DWP pushes L.A. into urgent fiscal crisis

LOS ANGELES The DWP came to the city asking for a rate increase and didn't like what the city council offered, so the utility is refusing to transfer $73 million that the city was counting on to help balance its budget.

Another showdown looms on Tuesday between the DWP and the L.A. City Council, as council members try to figure out if there is any way they can force the utility to turn over the money.

City Controller Wendy Greuel calls it the most urgent fiscal crisis in recent history. The city must transfer money from its reserve in two weeks or it will be unable to pay people.

"We can't ask people to come to work if we know that we won't be able to pay them," Greuel said.

Councilman Bernard Parks, head of the budget and finance committee, said the DWP has been playing games for months.

"We'll give you 73, but if you vote for it we'll give you 93. Well, those are terms that probably in my prior life would have been called extortion and other things like that," Parks said.

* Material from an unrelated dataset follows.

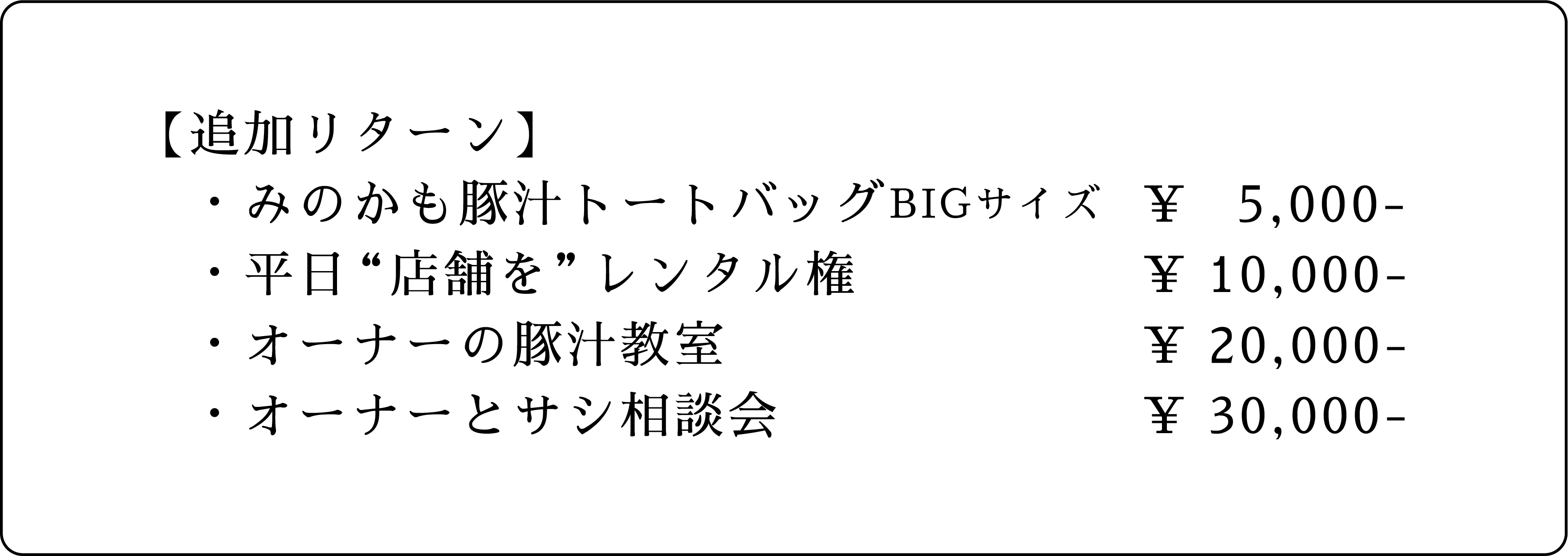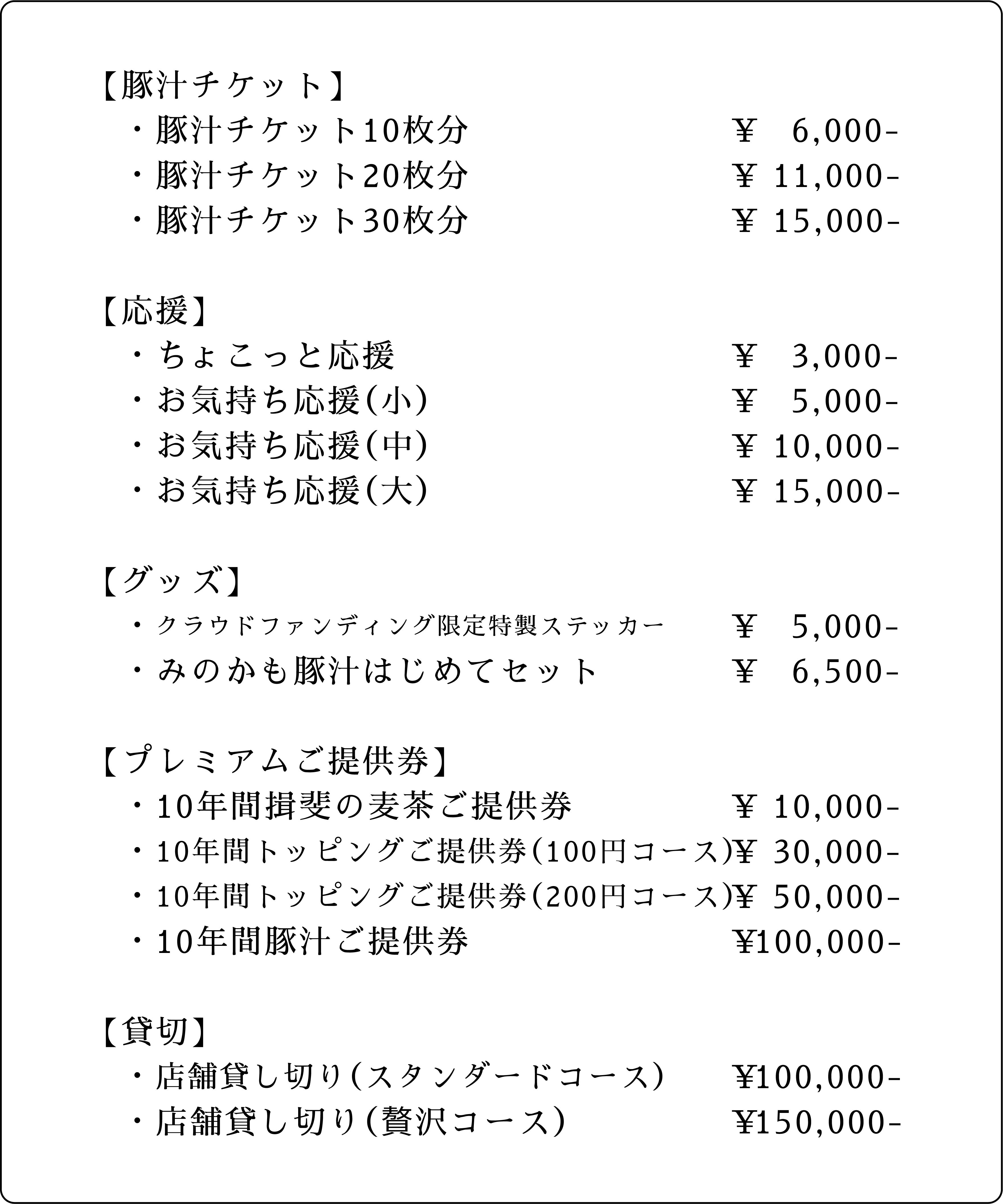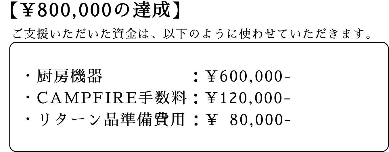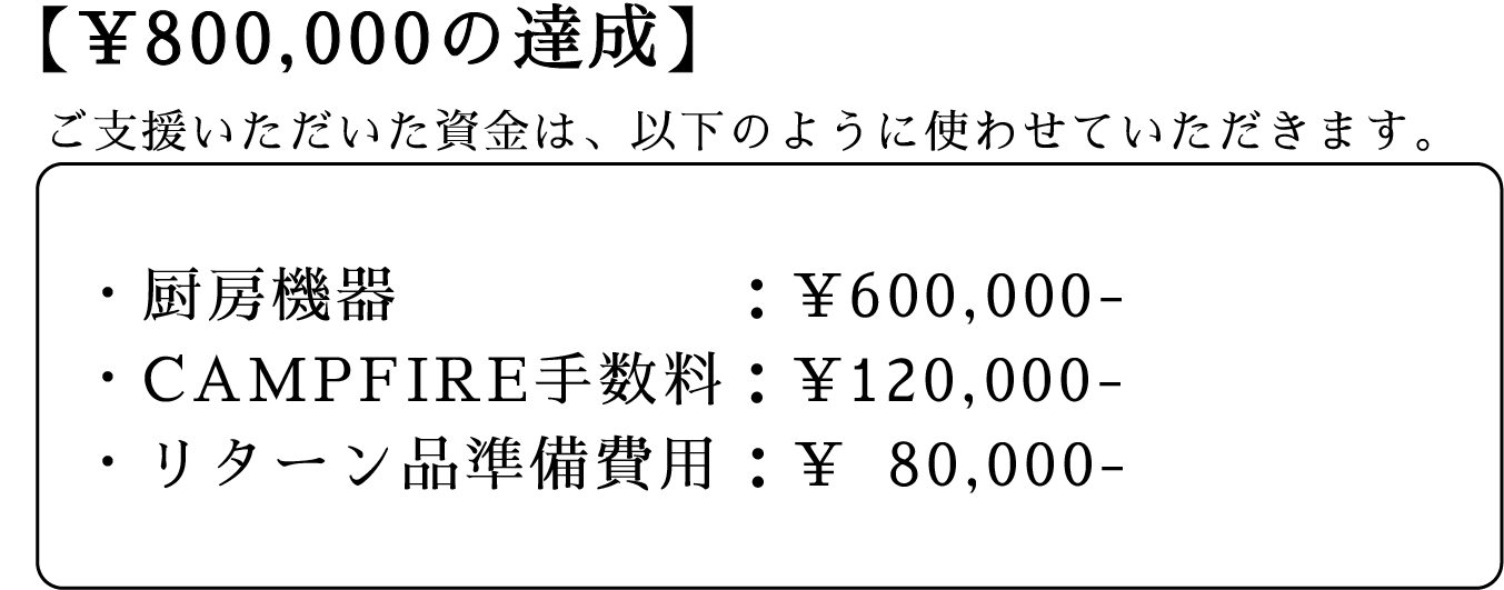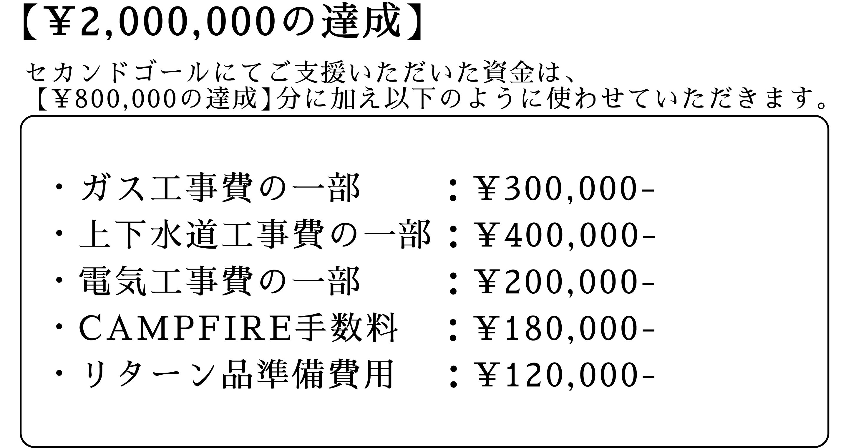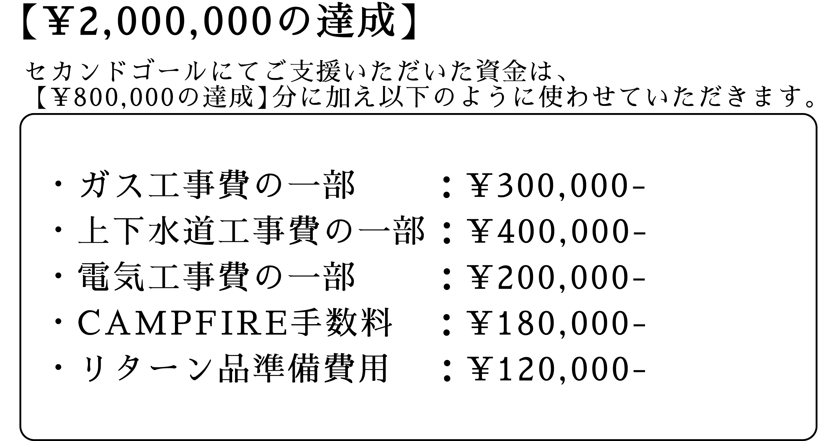 セカンドゴールでは200万に挑戦し、店舗のガスや電気・上下水道の工事費の一部に充当させていただきます。より良い場所をご提供できるよう精進して参りますので、残り期間もよろしくお願いいたします!!!

The city council and the DWP had jockeyed back and forth last week over a rate increase, but the deadline for the rate hike came and went without a resolution.

The council now has a deadline of April 19 to transfer more than $90 million from its reserve fund or get the DWP money.

"Promises are not something I can pay the bills with, it's actually the cash that I have on hand. Last week I think everyone played chicken to see who would blink first, and unfortunately, I'm in this situation today having to look at how I'm going to be able to pay the bills without transferring money from our reserve fund," Greuel said.

The lights will stay on, but the DWP says it needs all the available money to buy coal and natural gas to make power. Parks is not the only skeptical council member.

"They have had a history of playing 'hide-the-ball,'" Parks said. "They've had a history of giving you just enough information that they want you to know."